Currently, the only approved treatment for Pompe disease is an ERT by Sanofi — Lumizyme (alglucosidase alfa), marketed as Myozyme in Europe — in which a lab-made acid alpha-glucosidase (GAA), the enzyme lacking in these patients, is delivered to patients.

Avalglucosidase alfa, the company’s next-generation ERT, is designed to improve GAA uptake by the body and boost the clearance of glycogen, the large sugar molecule that accumulates in Pompe patients.

Preclinical studies have shown that avalglucosidase alfa has a 15-times higher cellular uptake than Lumizyme, and comparable effects in glycogen clearance with a fivefold lower dose.

The potential ERT has received breakthrough therapy and fast track designations in the U.S., as well as promising innovative medicine (PIM) designation in the U.K. for Pompe disease. PIM designation indicates that avalglucosidase alfa is a promising candidate for the country’s early access to medicines scheme, which allows certain patients to gain access to therapies before their approval.

Avalglucosidase alfa’s marketing application was supported by positive data from the ongoing Phase 2 Mini-COMET (NCT03019406) and Phase 3 COMET (NCT02782741) studies.

Mini-COMET is a three-year study evaluating the safety and preliminary effectiveness of avalglucosidase alfa in 22 children and adolescents with infantile-onset Pompe disease who showed incomplete responses to Lumizyme (standard therapy).

Participants were randomly assigned to either one of two doses (20 or 40 mg/kg) of avalglucosidase alfa every other week, or to standard therapy (Lumizyme/Myozyme) at their current stable dose.

Six-month results, presented in February at the WORLDSymposium, showed that both doses of avalglucosidase alfa were well-tolerated, with no severe treatment-related adverse events.

In addition, the greatest drops in disease burden biomarkers — creatine kinase and hexose (or glucose) tetrasaccharide — were observed in patients treated with the higher dose of avalglucosidase alfa, while those continuing on Lumizyme showed the lowest reductions.

The pivotal, international COMET study is investigating whether avalglucosidase alfa’s therapeutic effects are at least not inferior to those of standard treatment in 100 previously untreated children and adults with late-onset Pompe disease.

Participants were randomly assigned to either avalglucosidase alfa (51 patients) or Lumizyme (49 patients), both administered directly into the bloodstream every other week at a dose of 20 mg/kg.

The trial’s main goal was to assess changes in patients’ lung function, measured through forced vital capacity (FVC) in an upright position. FVC measures the total amount of air a person can exhale after a deep breath. Secondary goals included changes in mobility, muscle strength — respiratory and lower extremity muscles — muscle function, health-related quality of life, and safety measures.

After about one year of treatment, 95 patients moved to the study’s open-label part, in which all are being given avalglucosidase alfa for 240 weeks (about 4.5 years). As of June, 91 were still being treated with avalglucosidase alfa, while four had discontinued treatment.

Top-line results showed that avalglucosidase alfa resulted in meaningful and durable improvements in lung function and mobility that were superior to those of Lumizyme.

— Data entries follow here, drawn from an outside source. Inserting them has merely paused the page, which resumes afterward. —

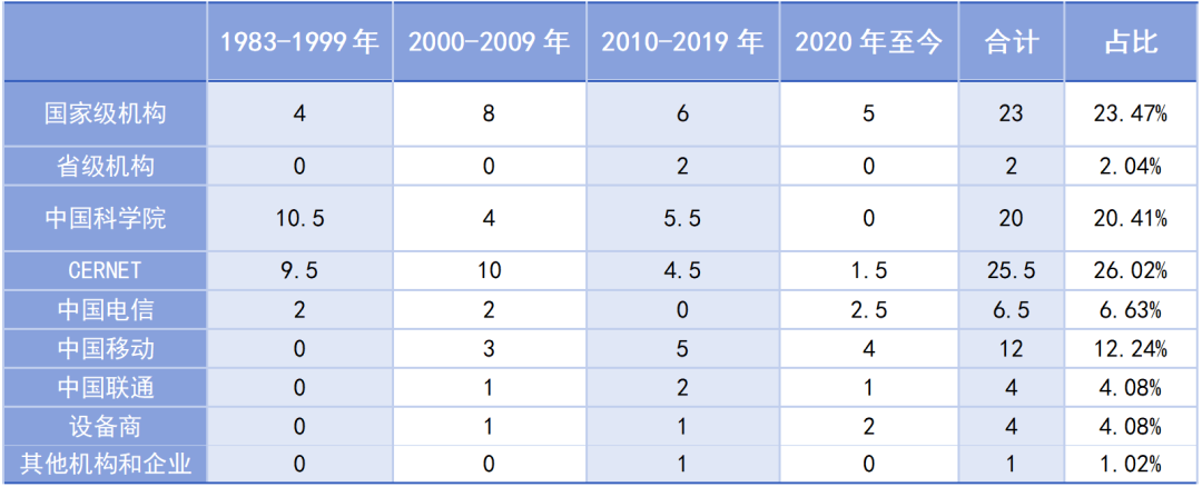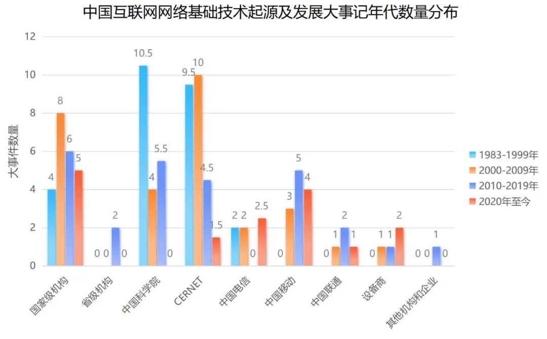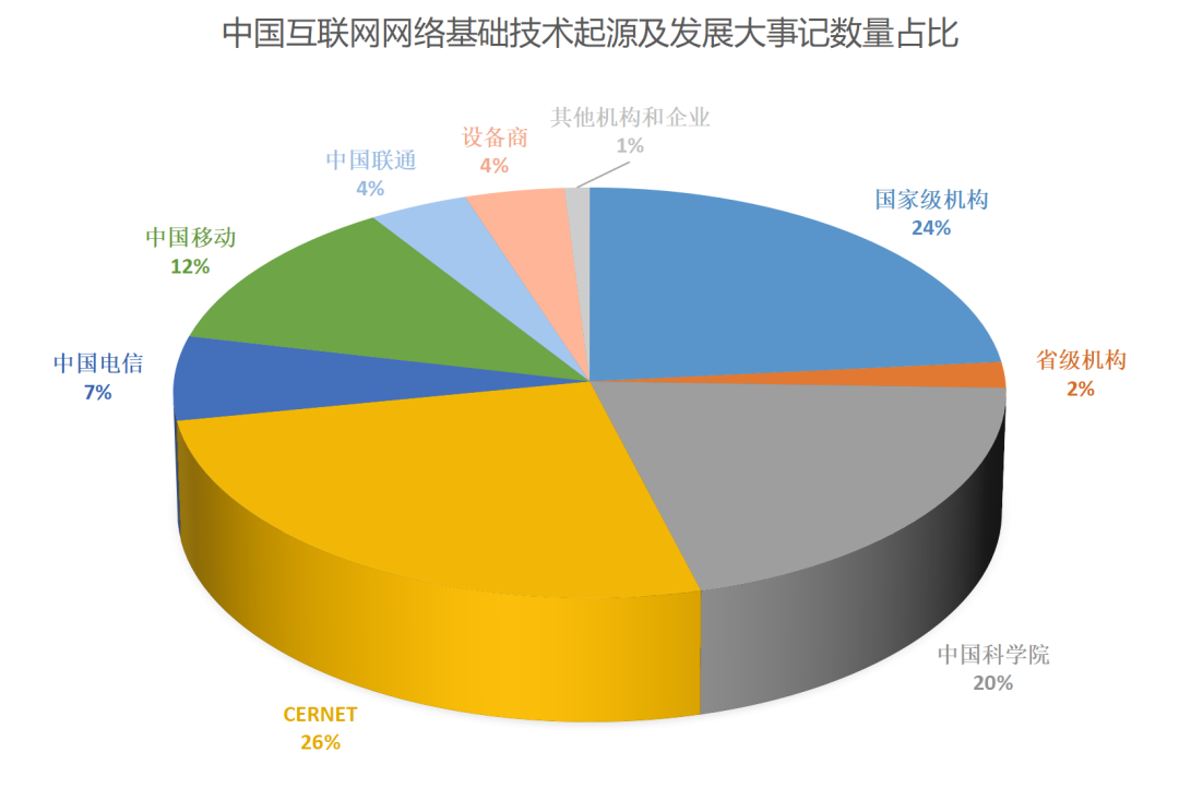 从贡献单位来看,国家级机构有23项、省级机构有2项、中国科学院有20项、CERNET25.5项、中国电信6.5项、中国移动12项、中国联通4项、设备商4项、其他机构和企业1项(计算方式:同一项目数量统计合计为1项,除以合作单位数量的结果为此项得分。另中国互联网络信息中心CNNIC 2014年前相关事件归类于中科院,2014年后相关事件归类于国家级机构)。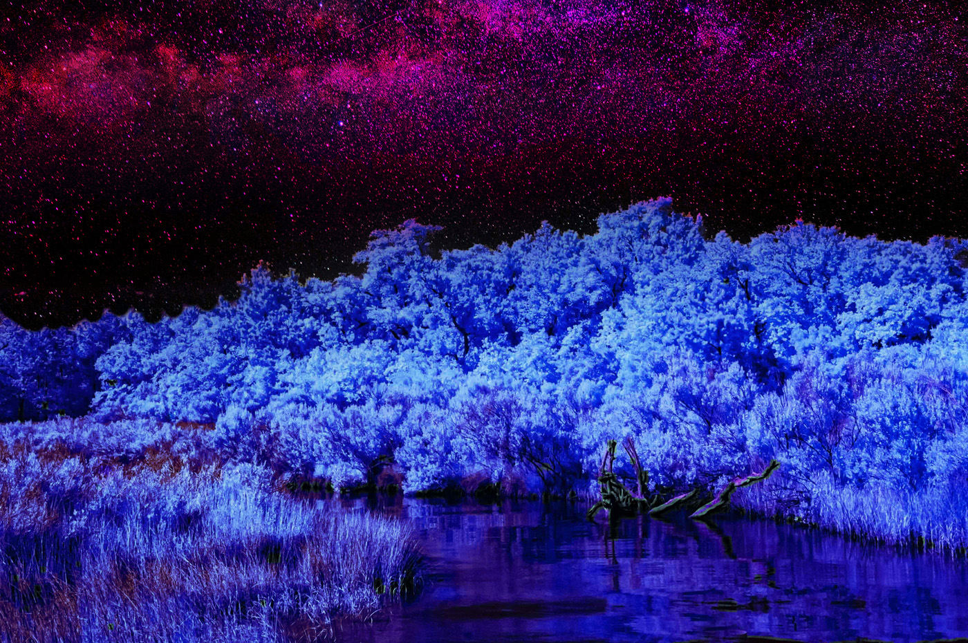 I'm a big fan of unusual, unique, creative photographs. So I like this IR image just for those reasons. Not too familiar with the IR effects, but always anxious to learn. From my point of view, removing the magenta coloured foliage, is a negative for me - actually I think it was the 2nd thing I noticed and really liked - a bit of contrast. I'm also not a fan of using someone else's art in images, even though they are stipulated. I rarely do it - but hey, that's just one of my cute little quirks! But a suggestion, since you are in a fanciful mood, why not change the colours of the sky to a contrasting, 'way out there' colour? See my attempt attached. |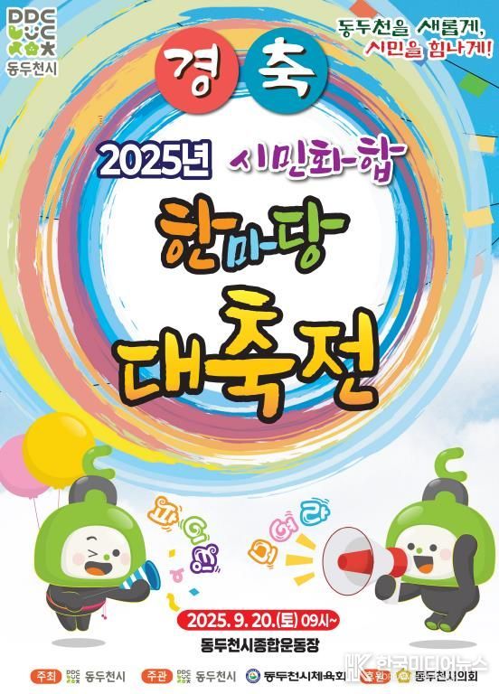 [ 한국미디어뉴스 김서안 기자 ] 동두천시는 오는 9월 20일(토) 동두천 종합운동장에서 '2025 시민화합 한마당 대축전'을 성대히 개최한다. 행사는 동두천시가 주최하고 동두천시와 동두천시체육회가 공동 주관한다.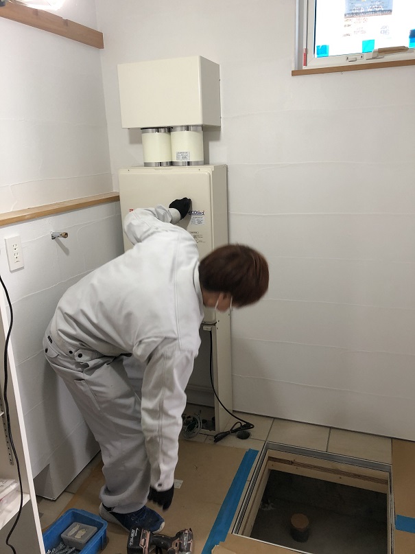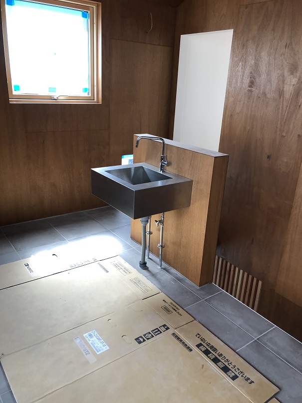 設備機器の取付が終わり、養生ベニヤを剥がしました。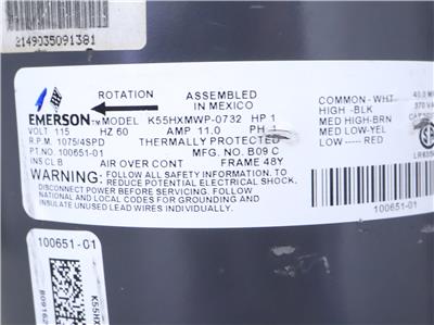 EMERSON K55HXMWP-0732 Blower Motor 1HP 115V 1075RPM 4SPD 11.0A 1PH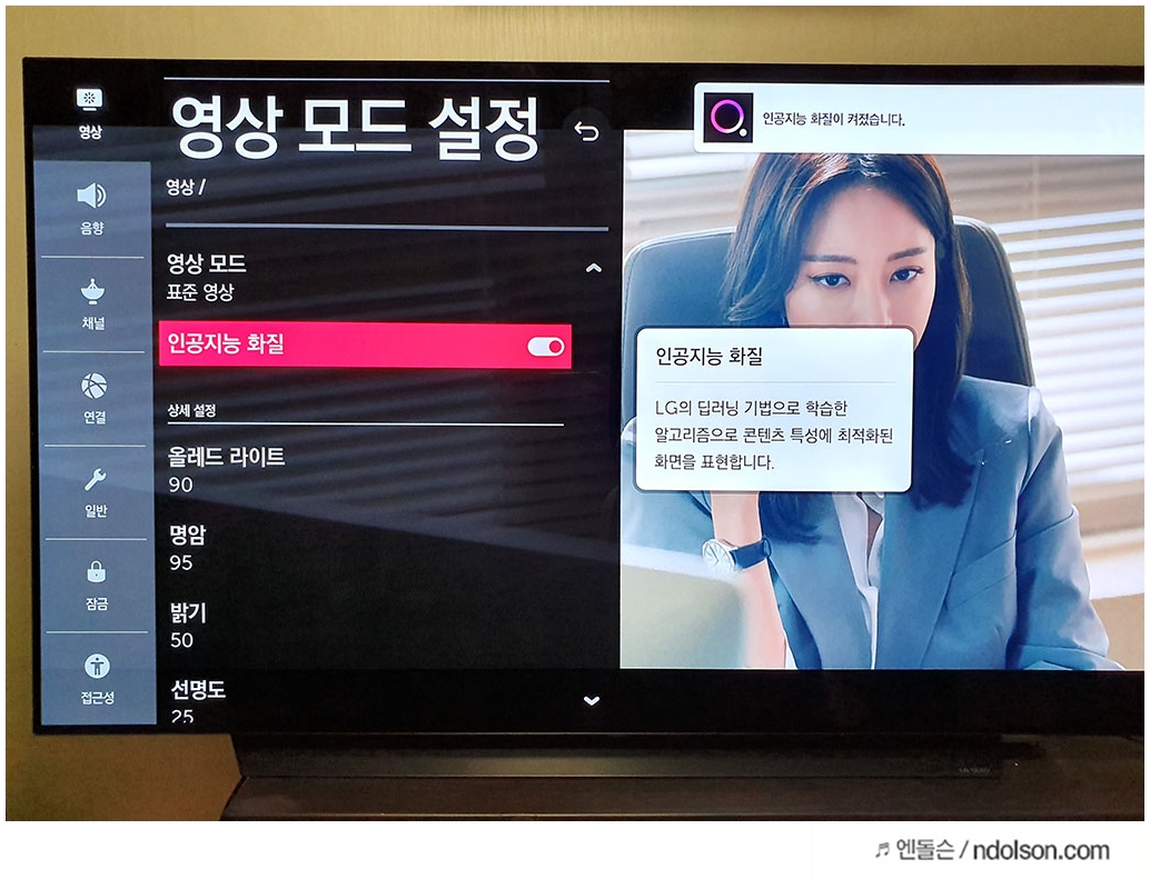 매번 보고 있는 화면에 따라 이런 설정들을 거치기 다소 귀찮을 수 있습니다. 그럴 땐 고민 없이 인공지능 화질을 ON하면, TV에 나오고 있는 콘텐츠에 따라서 알아서 시청하기 좋은 화질로 만들어 줍니다.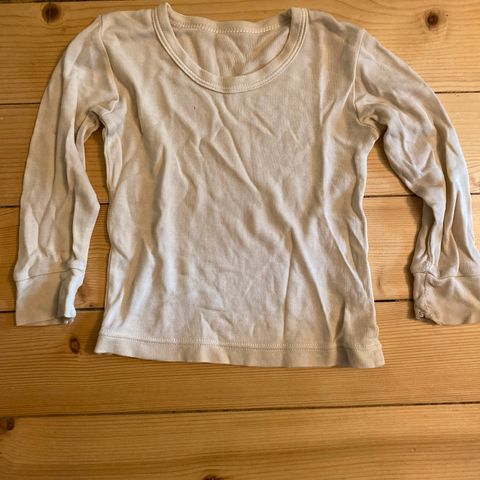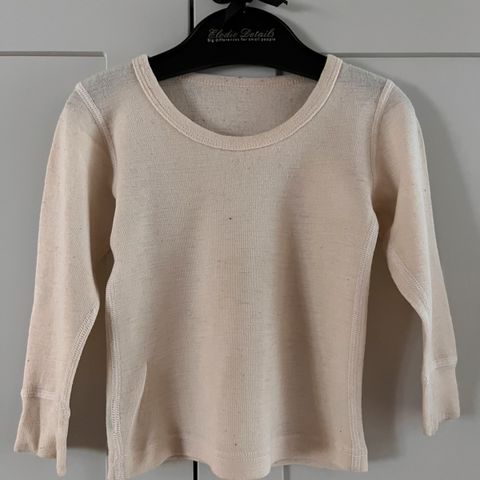 Käytönjälkeä näkyy; muutama reikä paikattu siististi, hieman tummentumaa herkässä värissä. Edelleen käyttökelpoinen aluskerroksena. Viat eivät vaikuta käyttöön.

Differences in the two therapies’ effects, however, did not reach statistical significance in any of the evaluated measures. This means that while avalglucosidase alfa may not be significantly superior to standard therapy, it is at least not inferior, meeting the trial’s goal.

Early results from 20 patients who switched from standard treatment to avalglucosidase alfa in the trial’s open-label part showed improvements in lung function and mobility, suggesting avalglucosidase alfa’s superiority.

The safety profile of the next-generation ERT was also seen to be generally comparable to that of standard ERT.

The COMET trial is due to conclude in September 2024.